White privilege looks like you not needing to hope that someone in the hospital speaks your native language so you can communicate properly.
This man was willing to drag his dead wife into the conversation to prove that he too, has suffered, so diversity programs are just unfair. I dropped it.
I see this come up over and over whenever a POC has tried to explain White privilege to a White person. Their response to a POC sharing their personal, painful, experience with White supremacy or systemic racism is often to tell an unrelated story about their personal struggle or how they were treated badly as a White person in a predominantly non-White setting.
Privilege doesn’t mean you’ve never had to struggle.
Privilege doesn’t mean you don’t work hard.
Privilege doesn’t mean you’ve never had tragedy in your life.
Privilege doesn’t mean you’ve never had to suffer.
Privilege doesn’t mean you haven’t been discriminated against in other ways (including, yes, for being White).
Privilege means there are a lot of things you’ve never had to think twice about that other people have to think about every day.
Privilege means you’ve never had to wonder if you’ve been held back or passed over or treated differently because of your skin color, race, gender, or sexual orientation, of things fundamental to who you are as a person.
As an Asian-American (and a light skinned Asian-American), I straddle the line.
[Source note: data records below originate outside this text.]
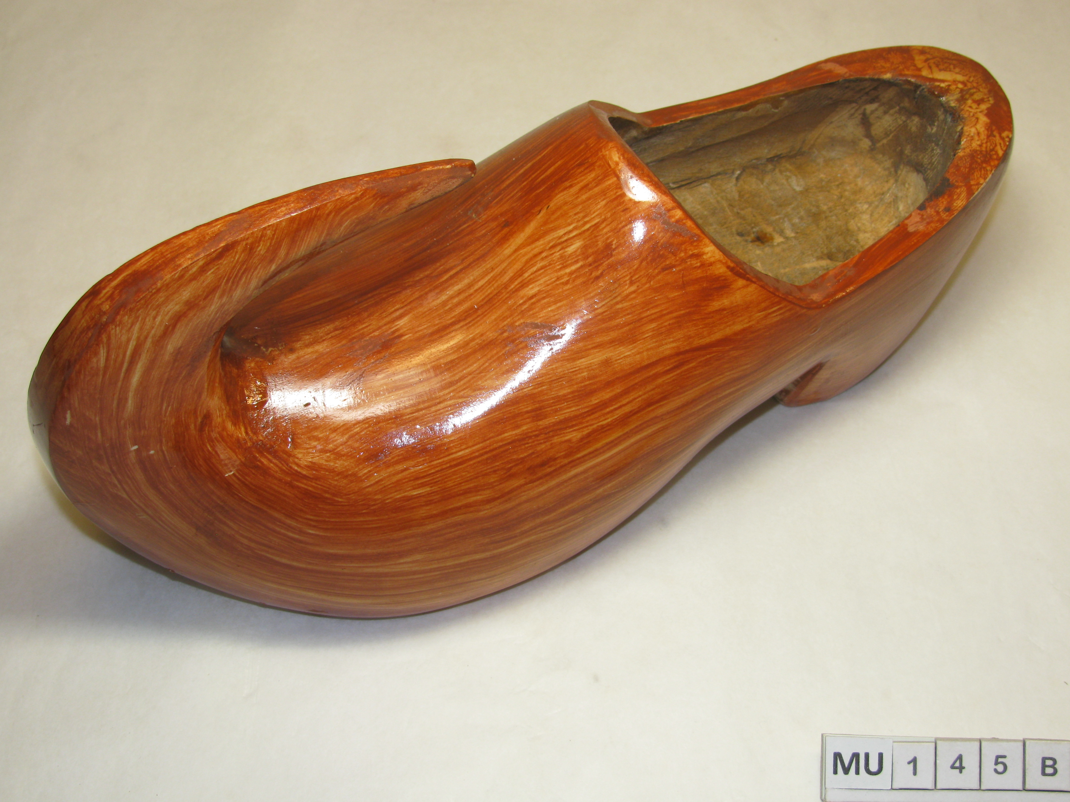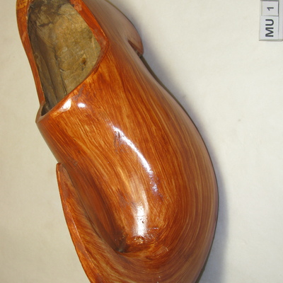 Kapklomp met sterk opgaande neus die in krul terug over de kap komt. Iets hoge wreef, halfhoge hak. Versiering door het verven in rood-bruine kleur. Rood, bruin, blank.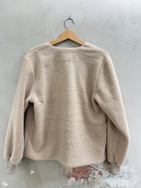 Kuschelig-weiche Teddyjacke von Masai in angesagter Boxy-Silhouette. Der V-Ausschnitt mit Druckknöpfen und die aufgesetzten Taschen machen sie zu einem lässigen Essential für kalte Tage. Durch das neutrale Beige lässt sie sich vielseitig kombinieren – von casual mit Jeans bis hin zu cozy Layering über Kleidern.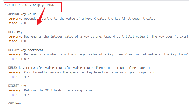 help <group>这是用来查看某一类命令的完整列表。你需要把<group>替换成 Redis 的命令组名称,比如string、list、set。举个例子,输入help string就能看到所有和字符串相关的命令。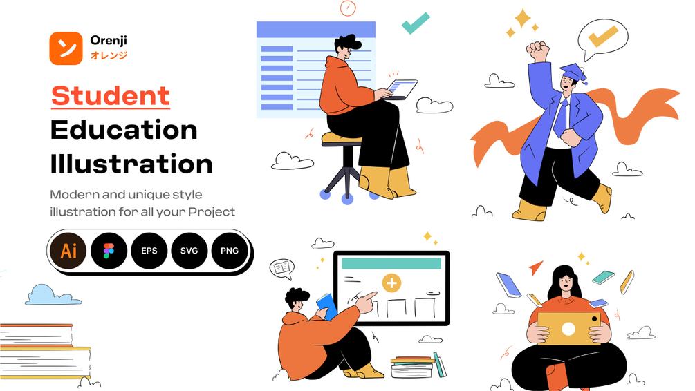 Create a more engaging and modern learning experience with our School & Education 2D Illustration Pack! This comprehensive vector illustration collection is designed with a clean, friendly, and professional flat design style. It's the ideal solution for EdTech platforms, school websites, online course materials, and all your educational visual needs.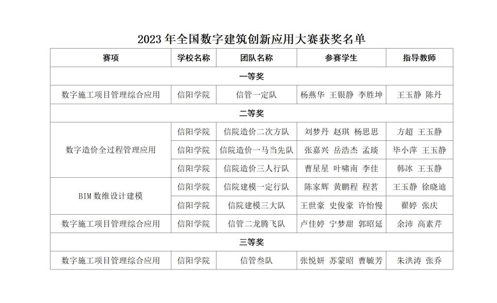 近日,2023年全国数字建筑创新应用大赛全国总决赛成绩揭晓。我校土木工程学院代表队在本次大赛中斩获本科组团队一等奖1项,团队二等奖6项,团队三等奖1项。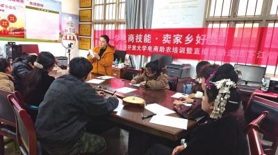 在下江镇恰里村的村委会活动室和室外临时搭建的直播间里,学生们将所学的电商知识转化为生动朴实的带货语言。贵州开放大学的教师与本地“三农”主播围绕“新媒体平台小店运营”“农产品直播话术设计”“手机拍摄与剪辑技巧”“乡村场景直播策划”等内容,开展了为期一天的密集培训。学生们迅速吸收转化,从初次面对镜头的生涩,成长为从容介绍产品特点、讲述乡村故事的“新农主播”。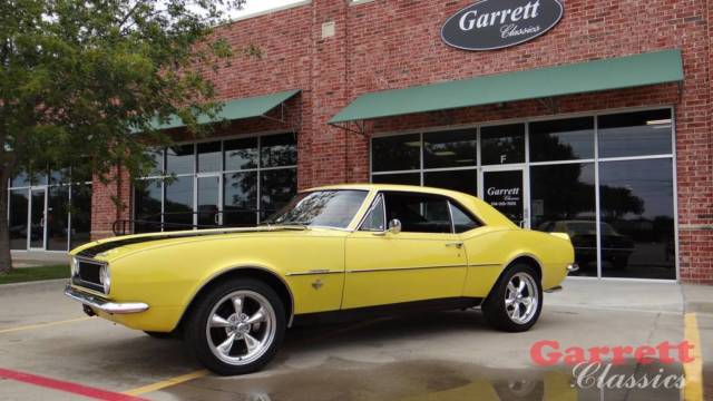 | 1967 Camaro 327 For Sale At GARRETT CLASSICS1865 McGee Ln, Ste FLewisville, TX 75077972-906-6327 This Camaro is a great car for someone wanting a semi project. It runs very well and has very nice original interior. It does however need some work. The paint has issues which you will see in the photos below. The undercarriage shots will show you some spots which need attention. Enjoy the video of this 1967 Camaro here.just click the above sentence Feartures Include: 327 Ci V-8 (non match)THM400 Auto Transmission10 Bolt RearDrum Brakes All AroundFactory A/C (in-op)Bucket SeatsConsole The body on the 67 is straight and solid. It's just that the previous paint and body work were not done properly, so there are some issues popping up. You can see tell tale signs of surface rust around the door jams and trunk lid and hood edges. None of it is major. The original interior still looks good. With just a little detail work, it would look great. The trunk seems solid and it does not look as though any of the rear quarter panels were replaced. The trim tag shows this to be an original yellow car with black bucket seat interior. The engine codes out to be a 67 327 275 hp V-8 from a Camaro but is not matching to the VIN#. |
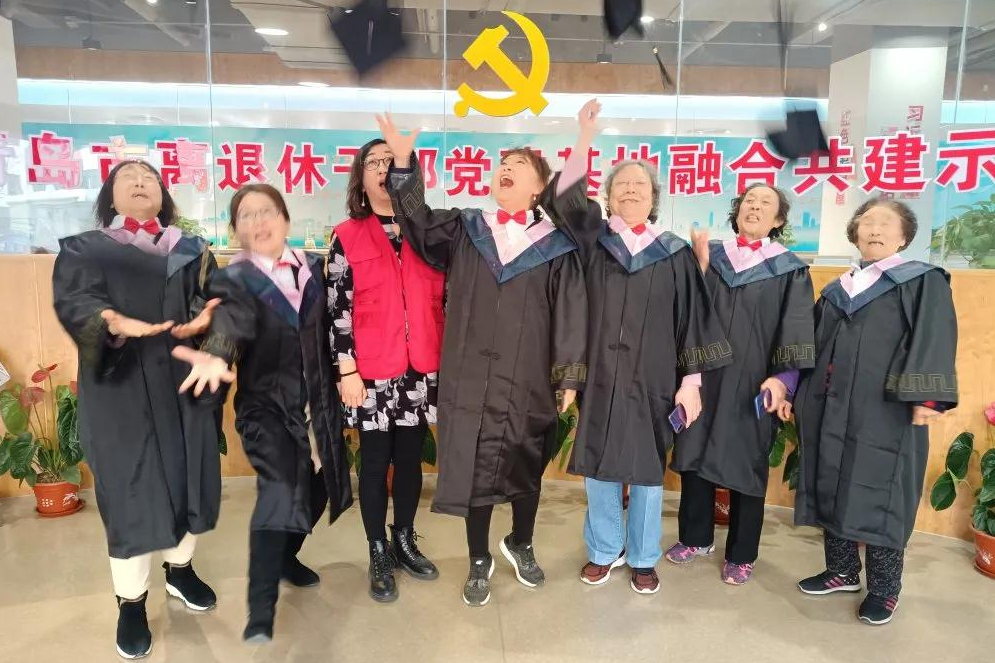 老年人学员身穿学士服,头戴学士帽,宛若即将告别校园,步入社会的莘莘学子,学员脸上都洋溢着快乐的笑容。

I am a POC, but I’m also considered a “model minority,” so there are a multitude of privileges that allow me to maneuver through life much more easily.
I’ve never had to wonder if someone was following me in a store, I’ve always been taken seriously as a gifted student in school, I’ve never had to question whether a bank denied me a loan because of my skin color, I’ve rarely felt the need to code switch my language or change my voice to fit in, I’ve never had to wonder if I didn’t get the job because of my name or appearance. I could go on.
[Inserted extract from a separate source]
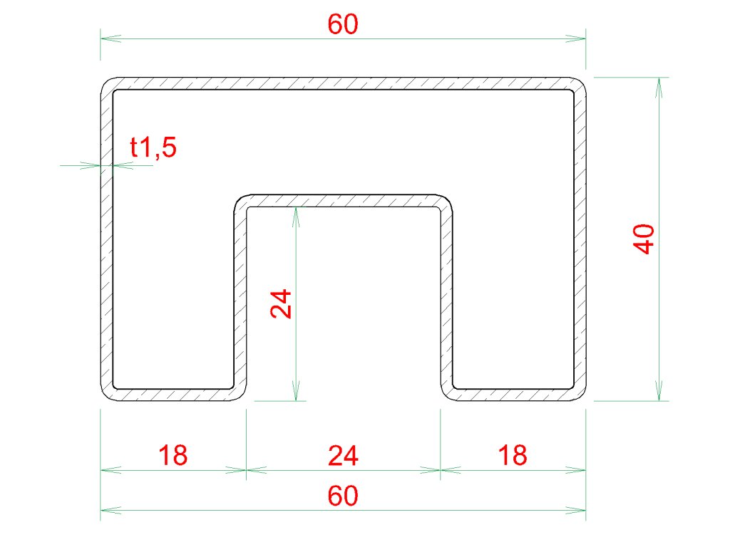 Madlo obdélníkové (60x40x1,5 mm /24x24 mm), cena za 1 ks (1 m), pro sklo 8-17,5 mm, bez gumových těsnění, broušená nerez K320 / AISI304Doplňkové parametry

I know I have these privileges because I’ve had enough conversations with my Black and Brown friends, read enough of their stories, and believed them. I was willing to put away whatever feelings of guilt or one-up-manship or incredulity came up for me and STFU.
You don’t think my inclination in these situations was to tell every story I had about being discriminated against or how hard I worked to get to where I am? It was and it has been.
Of course I wanted to trade stories about all the times I was called chinky-eyed or had someone ask to touch my hair (for very different reasons) or whatever.
At first, I thought it was just because I wanted to relate, but then I wondered if I was trying to prove something too. Like I wanted to show that I had suffered or struggled just as much.
I’m still working on letting go of this knee-jerk reaction. Instead I work on actively reminding myself that when someone is sharing some of the most painful moments in their memories, moments where they felt helpless, small, unworthy, and vulnerable, that they are not trying to tell me I haven’t suffered.
They are revealing the rawest parts of themselves in the hopes that we can start to come to a deeper understanding of what needs to change in this country to truly move forward in unity.
When I witness moments like this, I consider it a privilege to be in the room.